In the episode, we discuss how Blue Force is positioning itself to become a prime contractor with DoD. They are developing a stealthy, high performance, and low cost UAV name is “Fury” — which comes from a mythological Greek creature that punishes mistakes. The title is fitting because the first mission that Fury intends to fulfill for the Air Force is Adversary Air (ADAIR). Currently, the Air Force uses front-line fighters in the role which severely hampers training and due to the wear, tear, and expense.
Fury provides many of the same characteristics of the adversaries they’re trying to emulate. It has a 5,000 pound takeoff weight, similar in size to a T-38 trainer, can operate up to 50,000 feet at Mach 0.95, turn at nine Gs, and boasts low observability. It has a modular design that allows for a range of sensors and weapons integration. Despite the performance, it was built almost exclusively with commercially available hardware, allowing it to target a sustainment cost per flying hour of under $4,000. While it’s often difficult to compare CPFH numbers due to understanding what goes in it, an F-16 is perhaps four or five times that amount and while F-35s and F-22s are perhaps ten times greater.

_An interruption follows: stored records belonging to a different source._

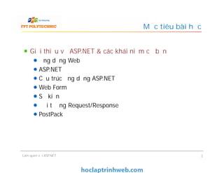 Tài liệu giới thiệu về ASP.NET, một framework giúp xây dựng ứng dụng web động bằng cách kết hợp HTML, CSS, JavaScript và mã kịch bản phía server. Nó mô tả cấu trúc ứng dụng ASP.NET, các mô hình viết mã cho web form và quá trình xử lý sự kiện trong vòng đời của một trang web. Tài liệu cũng trình bày về môi trường phát triển ứng dụng ASP.NET và công cụ Visual Studio.
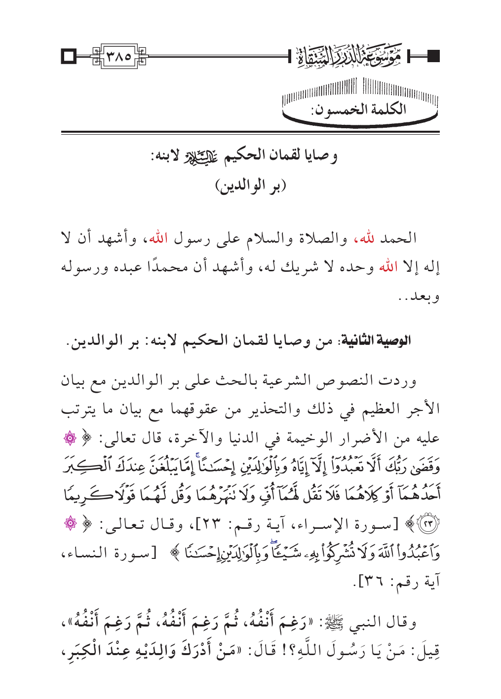 الوصية الثانية: من وصايا لقمان الحكيم لابنه: بر الوالدين.
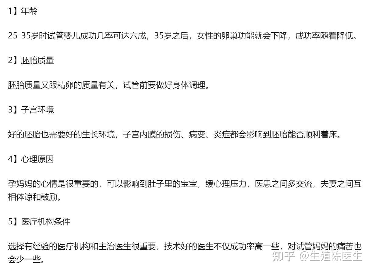 影響試管成功率的因素很多,主要還是代試的醫個人的身體素質(精卵質量,女性子宮環境等)和年齡(23-35歲之間)比較關鍵:
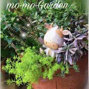お気に入りの寄せ植えの中に もーもーちゃん💖 春になっると緑も元気ですね💛 お庭の一番大きな鉢です🪴
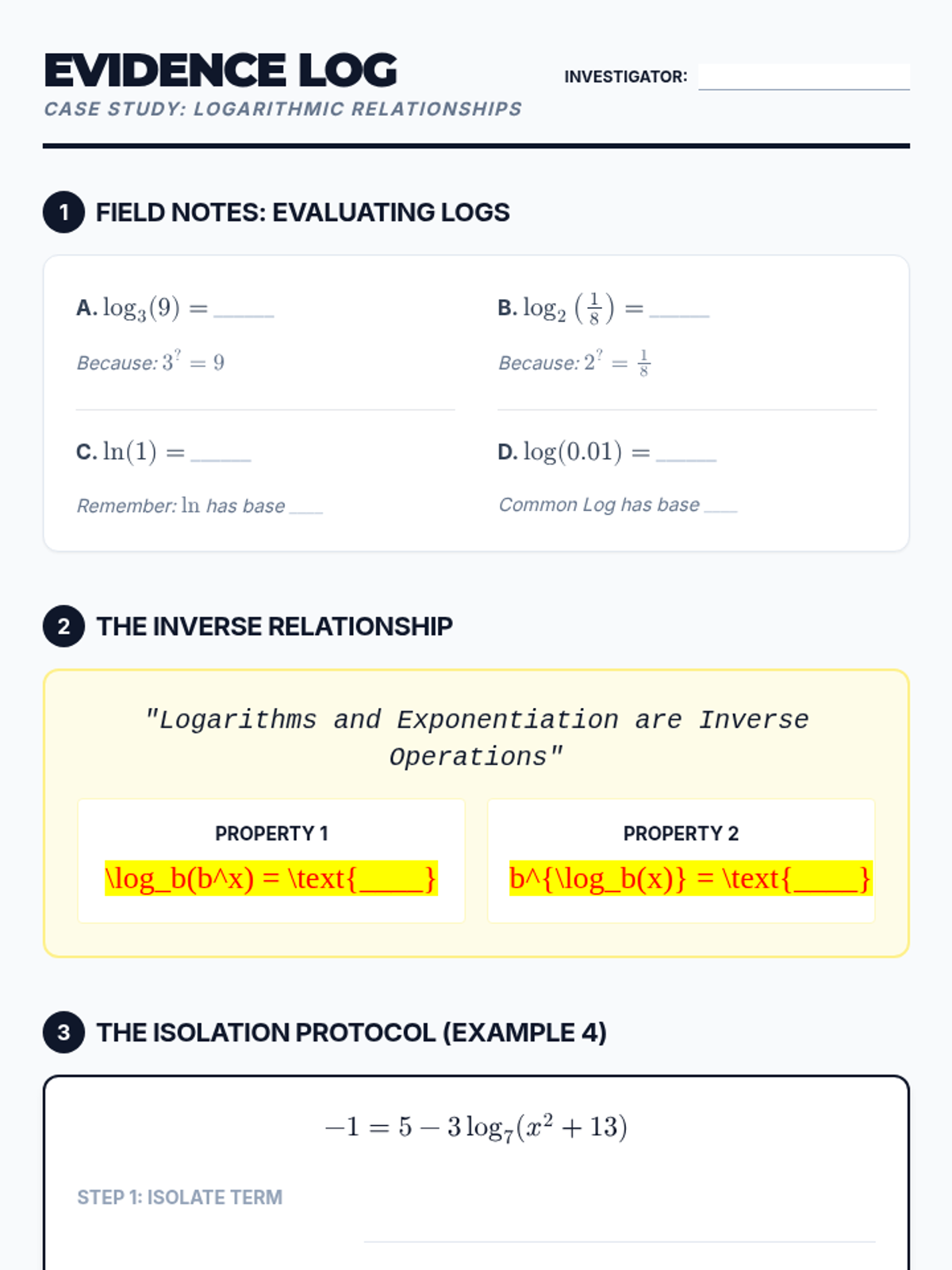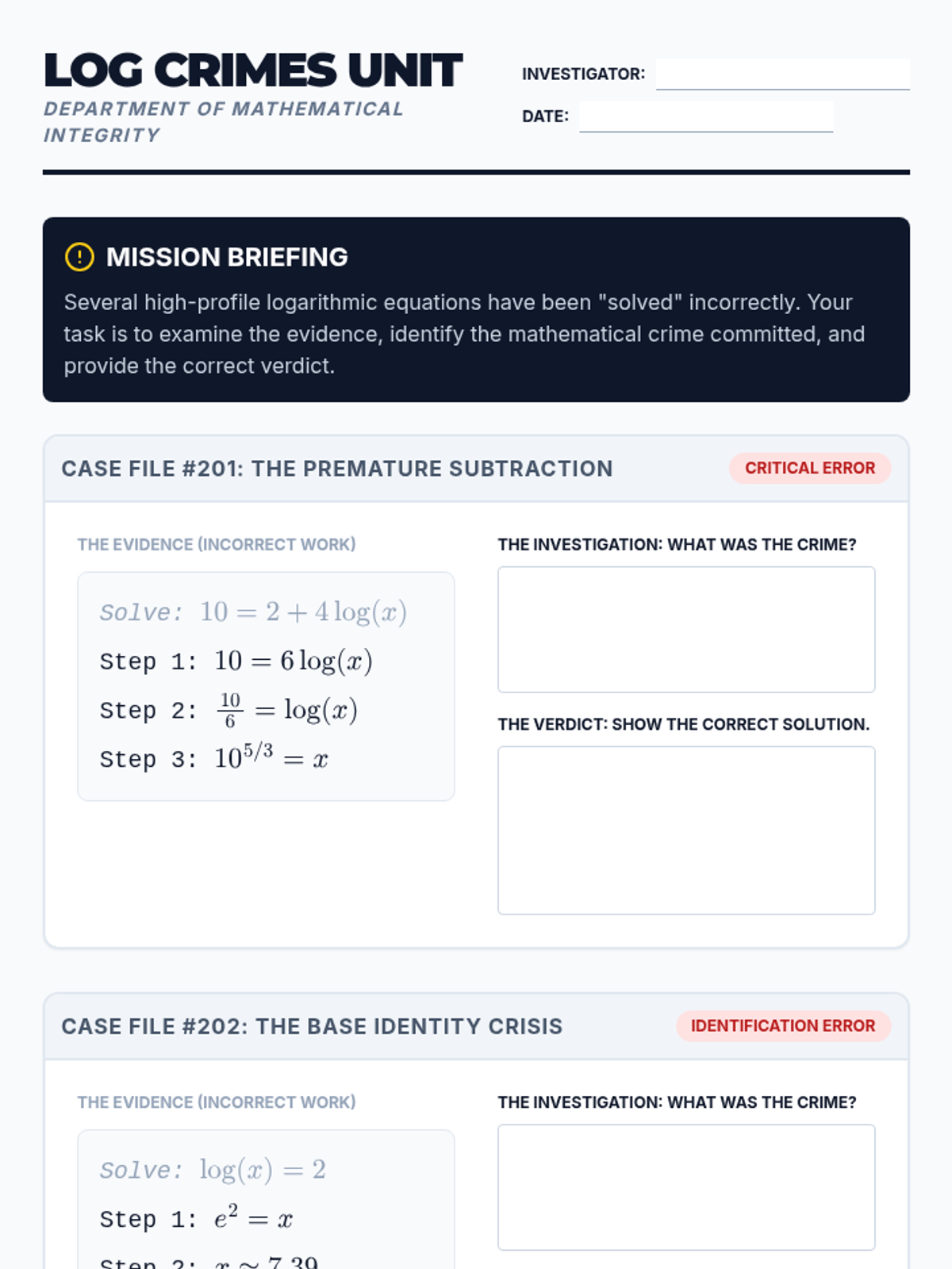 A lesson focused on solving complex logarithmic equations by isolating the log term first. Includes a warm-up on order of operations, a video analysis of a complex problem, guided practice on extraneous solutions, and a 'Log Crimes' error analysis activity.

Certainly top-of-the-line fighters have a number of capabilities that emerging UAVs do not, but not all that capability is needed for many ADAIR training scenarios. Defense against cruise missiles is one example. Andrew explained in his 10 years as a F-22 pilot, he flew zero defense flights against cruise missiles. Instead, cruise missiles were simulated with Learjets — a commercial business jet — which fails to replicate important characteristics.
While Blue Force Technologies has started some engagement with the Air Force’s Skyborg program, it’s initial focus is ADAIR. This is an advantageous place to start because it not only provides a solution to an existing requirement for realistic training, it is a testbed for manned-unmanned teaming that will be critical to the future fight. As Andrew observed: “Maybe the greatest thing you can do from an operator perspective in manned-unmanned teaming is build that trust.”
Open Systems Design
Blue Force Technologies competitive advantage is not just in aircraft design, but in their end-to-end digital process from concept generation all the way through tooling and production. As Joe explained: “Our capability is to rapidly build very high quality aircraft, integrate them, and have a home for these advanced software and sensor systems… we want to use open as a mechanism to counter the traditional kind of stove-piped and closed system development models.”
Fury’s mission systems, computing, and payload bays will be open for other companies to provide their capabilities. Joe added, “Our standard for open is that we can give a technical data package to another vendor and give them the nose of the aircraft and they can integrate a capability into the nose without ever having to come back to Blue Force.”
While Blue Force tightly controls Fury’s flight computer (“it’s the map between the digital world and the physical world”), even there they are positioned to integrate third-party autonomy systems like AFRL/GT’s government-led autonomy core system for the Skyborg program. Containerization of their flight software is an important step towards that goal and closely aligns with the direction government wants to move. Joe says that the Fury might be the “first software-defined aircraft out there that’s available.”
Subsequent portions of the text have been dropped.